Your assignment: Restate, exactly as written, the entries below from the line that holds "Blissful Diary Baby" through the line that holds "Интересно. Понять, что". Pictures are not part of the copy.

(Data excerpts)
-- Opening Marker --
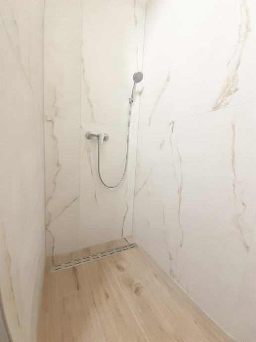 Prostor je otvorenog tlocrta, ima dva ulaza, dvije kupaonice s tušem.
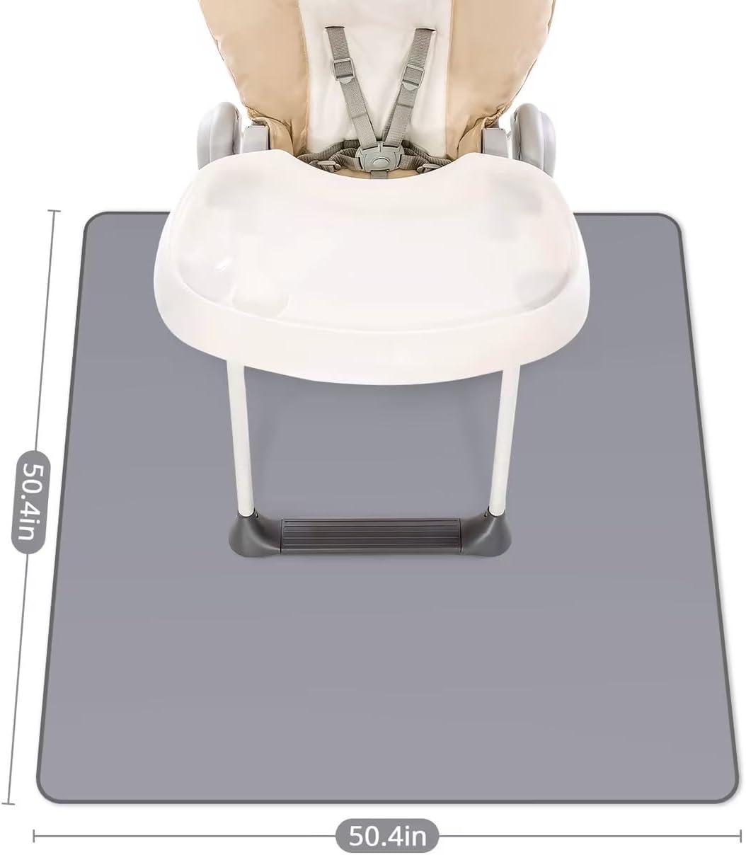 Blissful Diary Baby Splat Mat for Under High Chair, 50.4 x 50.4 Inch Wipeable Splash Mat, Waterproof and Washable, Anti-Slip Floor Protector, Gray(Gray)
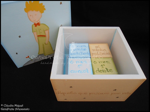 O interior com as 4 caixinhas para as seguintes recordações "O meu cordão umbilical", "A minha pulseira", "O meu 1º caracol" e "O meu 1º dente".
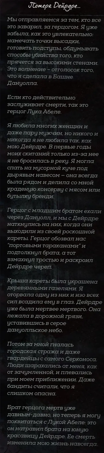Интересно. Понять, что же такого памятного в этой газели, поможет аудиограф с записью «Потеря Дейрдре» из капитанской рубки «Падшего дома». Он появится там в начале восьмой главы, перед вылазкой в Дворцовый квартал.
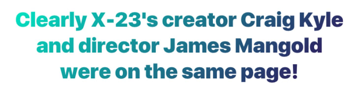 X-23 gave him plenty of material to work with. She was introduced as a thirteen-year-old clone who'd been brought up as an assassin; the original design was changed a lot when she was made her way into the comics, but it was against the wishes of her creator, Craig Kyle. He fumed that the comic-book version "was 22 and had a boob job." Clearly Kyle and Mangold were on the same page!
-- Closing Marker --
Task answer:
 Blissful Diary Baby Splat Mat for Under High Chair, 50.4 x 50.4 Inch Wipeable Splash Mat, Waterproof and Washable, Anti-Slip Floor Protector, Gray(Gray)
 O interior com as 4 caixinhas para as seguintes recordações "O meu cordão umbilical", "A minha pulseira", "O meu 1º caracol" e "O meu 1º dente".
Интересно. Понять, что же такого памятного в этой газели, поможет аудиограф с записью «Потеря Дейрдре» из капитанской рубки «Падшего дома». Он появится там в начале восьмой главы, перед вылазкой в Дворцовый квартал.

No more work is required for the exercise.